It all started in 1978 when Randy Suess and Ward Christensen created the world's first computer bulletin board system - "CBBS".

As the years went by, Randy became interested in Unix systems, and in 1982 he created the world's first public-access Unix system, then called "wlcrjs". Two years later it became Chinet. It supported UUCP e-mail and Usenet "netnews" (fed from ihnp4). It ran on one of the earliest Compaq "portable" with a 4 MHz 8088 processor, 640k of memory, and a 10 meg hard drive.

Near this time, Chinet also started using a program called "picospan" to replace its bbs software. Eventually, "yapp" (Yet Another Picospan Program) replaced picospan and remained in use until Chinet's migration from Unix shell-based access to web based interfaces in the late 90's. Many believe that yapp is still one of the best computer conferencing systems around.

In the early days of Chinet, the Internet was still a research tool, not available to the general public. If you wanted e-mail and newsgroups, you didn't get an account from an ISP, you got an account on either a university computer or a system like Chinet. E-mail and newsgroup postings were relayed from one computer to the next (via UUCP), mostly at night, mostly over regular telephone lines at 1200 or 2400 BAUD. It was rare indeed that your e-mail would cross a gateway and pass through the then-young Internet.

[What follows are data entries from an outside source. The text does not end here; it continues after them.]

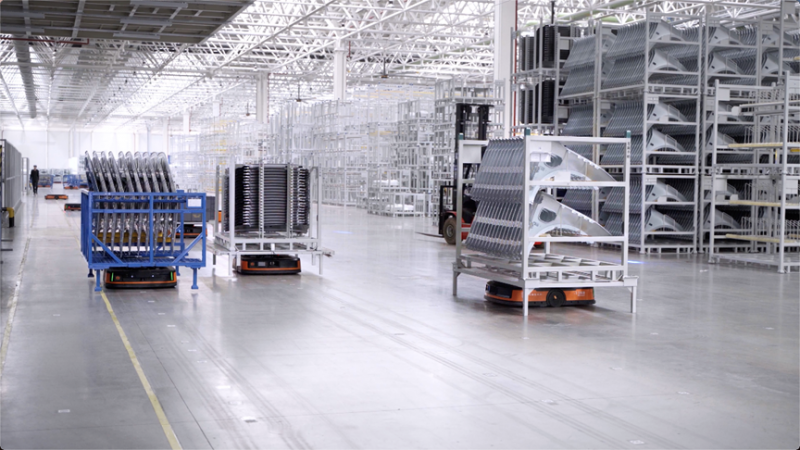 在焊裝車間,中零散的車體進入下一站焊接車間,移動機器人支持側圍等超長、異型載具搬運,在焊裝車間空間緊湊的情況下實現多級緩存,復雜空滿交換,柔性滿足產線上需求。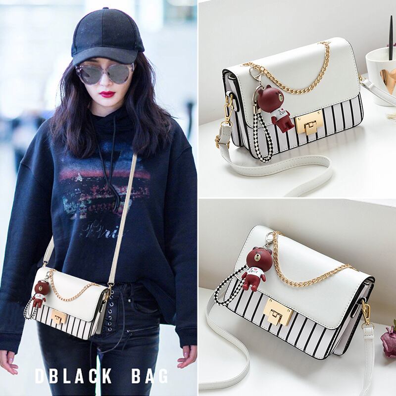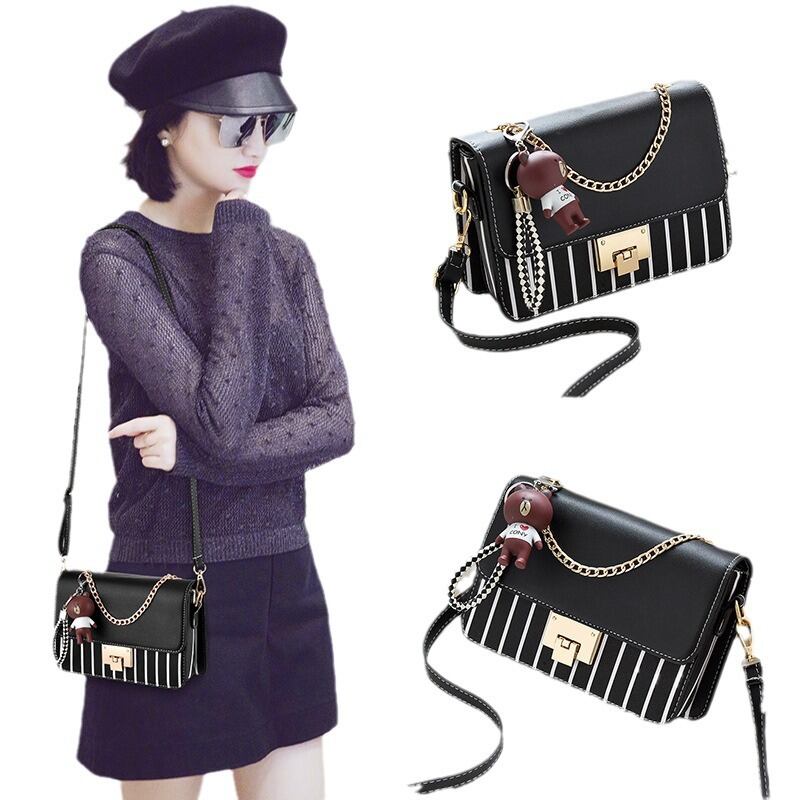 洗練されたフラップデザインに、縦のストライプがリズムを添えるチェーンショルダー。
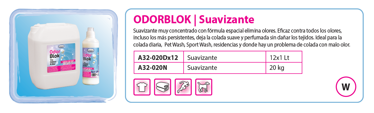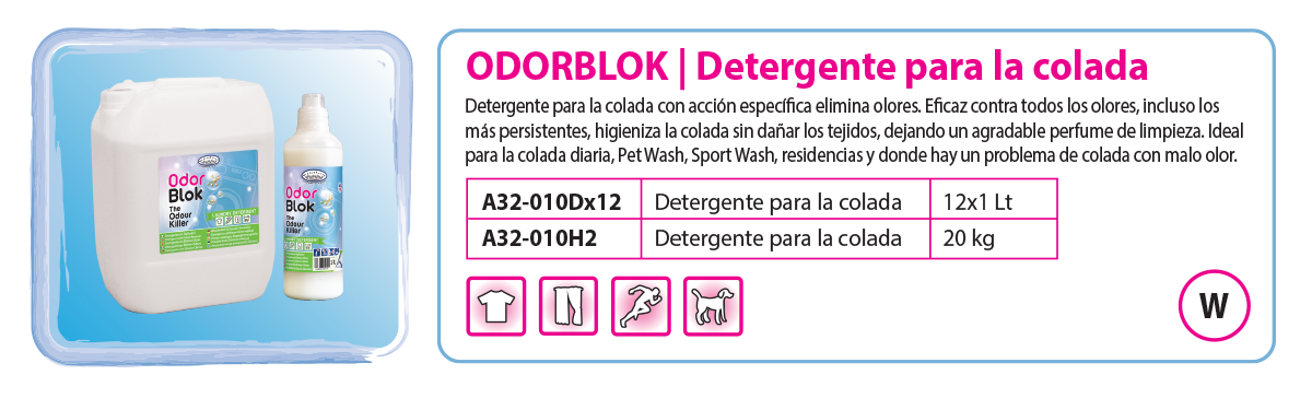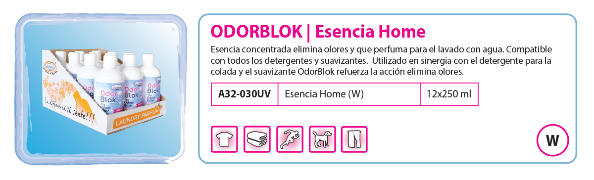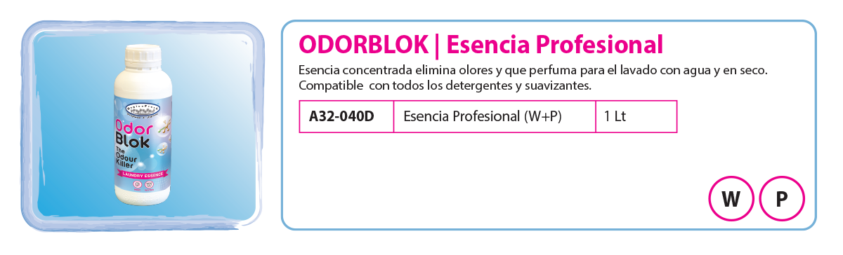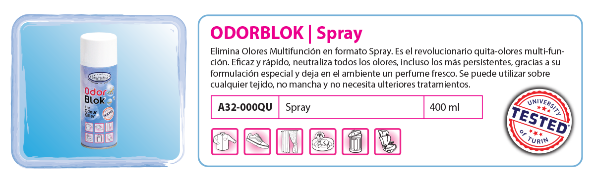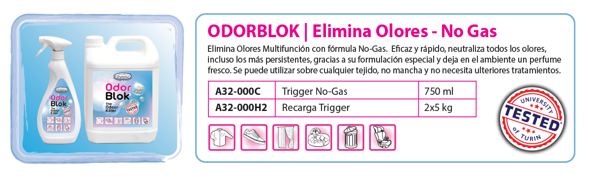 Toda la gama OdorBlok gracias a su fórmula especial, neutraliza los olores dejando en los ambientes y sobre los tejidos un perfume de limpio y fresco.

In the late 80's, Chinet had between 300 and 600 active users. It sported 12 dialup ports (remember, this was Randy's hobby; most of those users were non-paying "guests") and was considered one of the main Chicago area hubs.

Eventually, the UUCP model became obsolete. More and more companies started getting direct Internet access, and finally cheap ISPs came into existence. Use of Chinet's dial-up ports started to shrink, especially when the Chicago-area phone company did away with "call-pak" (which meant that you had to start paying for connect time by the minute). Also, e-mail/news users didn't need Chinet any more since their ISPs supplied those functions. In May, 1996, a fire at Chinet HQ almost put Chinet out of business for good. But you know what they say ... "you can't keep a down man good."

Still open to the public, Chinet is now entirely web-based, running Simple Machines Forum software on a Debian GNU/Linux system.